Настал мой черед. Я вышла вперед, рядом с Тордом, чувствуя, как моя сила, все еще новая и дикая, трепещет в крови, отзываясь на его непоколебимую твердость.
— Они не просто лгут вам, Ваше Величество, — сказала я, и мой голос зазвучал громче, подпитываемый ветром, который начал кружить по залу, шевеля волосы и плащи придворных. — Они считают вас глупцом. Слабым. Слепым. Они планировали ваше убийство, уверенные, что их ложь пройдет. Потому что кто поверит слову орка и какой-то безумной девчонки против слова князя и принца крови?
Я посмотрела прямо на Лидриха.
— Ты хотел мою силу, Лидрих? — я подняла руку, и на ладони закрутился маленький вихрь из пыли и лепестков, сорванных с чьего-то платья. — Она здесь. Приди и возьми.
Он отшатнулся, и в его глазах впервые мелькнул настоящий страх. Не перед королем. Передо мной.

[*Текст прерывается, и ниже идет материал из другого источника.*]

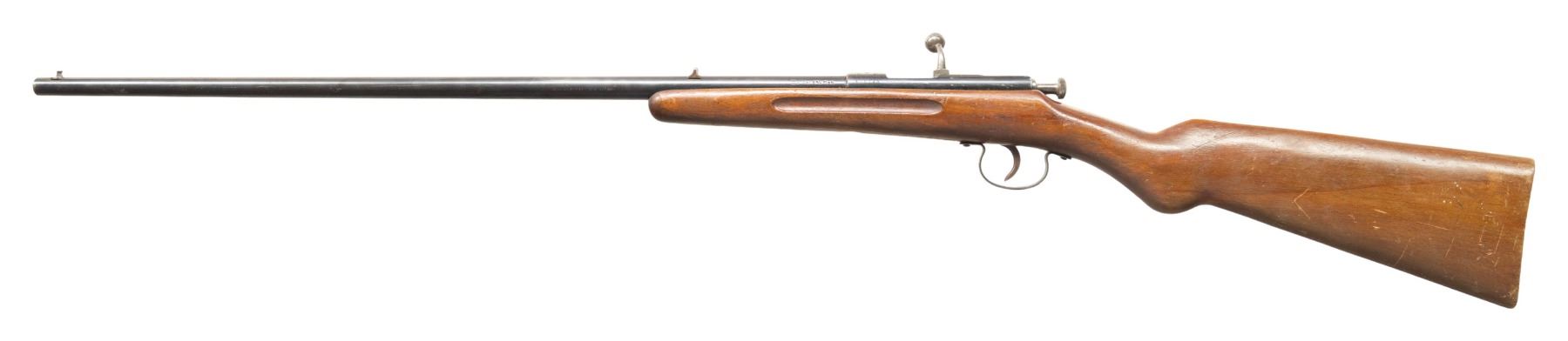 1) BELGIAN SINGLE SHOT BREECHLOADING CADET STYLE MUSKET WITH BAYONET. Cal. 8mm Rimfire. S# 3893. Bbl. 28". Cadet style single shot breechloading musket produced by an unknown mfg. in Belgium. Left side of the receiver / bbl. is marked with the S# "3893" above assorted Belgian commercial proofs and "FL.8m.1.L". 3-band fastened musket pattern 1-piece straight grip stock with flat iron buttplate and iron ramrod. Lower buttplate screw has broken on one half of the head. Toeline of stock and underside of center bbl. band feature sling swivels. Fixed musket pattern blade front sight with empty rear sight dovetail. UNATTACHED ACCESSORIES: triangular socket bayonet marked "3900" on the top flat. Bayonet is complete with its leather scabbard featuring a belt swivel and brass pointed drag. CONDITION: metal components retain trace to fair amounts of their original blue finish, exhibiting wear fading to gray and brown patinas, as well as light to mild surface oxidation overall. Bright bore, exhibiting scattered spots of light to mild pitting, while retaining good rifling throughout. Proper manual mechanics. Stock shows scattered marks and impressions from handling and storage, with 2 small cracks and a small chip present on the wrist stemming from the receiver tang. Bayonet has been partially cleaned at one time, exhibiting a gray patina, with scattered spots/patches of light to mild surface oxidation and pitting present overall. Leather scabbard has dried and stiffened, exhibiting moderate age related cracking and losses to its exterior, with stitching no longer remaining present. (25-5874/MLW). 2) JGA KARABINER SINGLE SHOT BOLT ACTION RIFLE. Cal. 6mm Flob. S# 431794. Bbl. 23 5/8". Karabiner single shot bolt action rifle mfg. in Germany by JGA. Top of the bbl. is marked "ORIGINAL J.G.A. KARABINER", with German proofs and the cal. designation marked on the left. Top of the receiver is marked with the encircled "J/ G/ A" logo, with the S# marked on the left. Metal components exhibit a blue finish overall, save for on the bolt assembly, which is polished in-the-white. 1-piece plain wood pistol grip buttstock with grasping grooves. Dovetailed blade front sight and U-notch rear sight. CONDITION: metal components retain the majority of their original factory blue finish, exhibiting areas of wear and thinning fading to gray and brown patinas, as well as some scattered spots and patches of light to mild pitting. Mirror bore, exhibiting a couple of small scattered spots of light pitting, while retaining strong rifling throughout. Proper manual mechanics. Stock shows scattered marks and impressions from handling and storage, but otherwise remains sound. PROVENANCE: From the PMRB Collection. (25-5879/MLW). BOTH CURIO. $400-650.

Луторгин наблюдал за всем этим. Его доброе лицо стало строгим, усталые глаза затвердели. Он смотрел на потного, дрожащего Барагоса. На своего брата, который пытался сохранить маску презрения, но уже проиграл. Он смотрел на нас — на огромного орка и девушку с ветром в руках, стоящих плечом к плечу против всего его двора.
Молчание затягивалось. А потом король поднялся с трона.
— Князь Барагос, — его голос прозвучал громоносно. — Ты обвиняешься в государственной измене, порабощении и лжесвидетельстве. Ты будешь заключен в темницу, пока не будет проведено полное расследование.
Барагос вскрикнул, но стража уже взяла его под руки.
— Брат… — начал Лидрих, но Луторгин повернулся к нему.
— Ты, Лидрих, будешь находиться под домашним арестом в своих покоях до выяснения твоей роли в этом… заговоре.
Это был не самый суровый приговор, но он был публичным. Это было падением.
Луторгин затем посмотрел на нас.
— Вождь Торд. Леди Анна. Ваши обвинения… оказались не беспочвенны. Королевство в долгу перед вами. — Он сделал паузу, его взгляд перешел с меня на Торда и обратно. — Я вижу, что старые раны еще свежи. И старые предрассудки сильны. Но, возможно, именно такие, как вы, — те, кто способен увидеть правду поверх границ и рас, — смогут помочь нам построить мир, который не будет держаться на лжи.
Он предлагал нам союз. Не как вассалу и подданному, а как равным. Как силе, с которой нужно считаться.
Торд склонил голову, что для него было высшей степенью уважения.
— Мои люди всегда чтили силу и честь. Мы примем вашу руку, если она будет искренней.
Все взгляды устремились на меня. На диковинку. На оружие. На женщину, которая стояла между двумя мирами.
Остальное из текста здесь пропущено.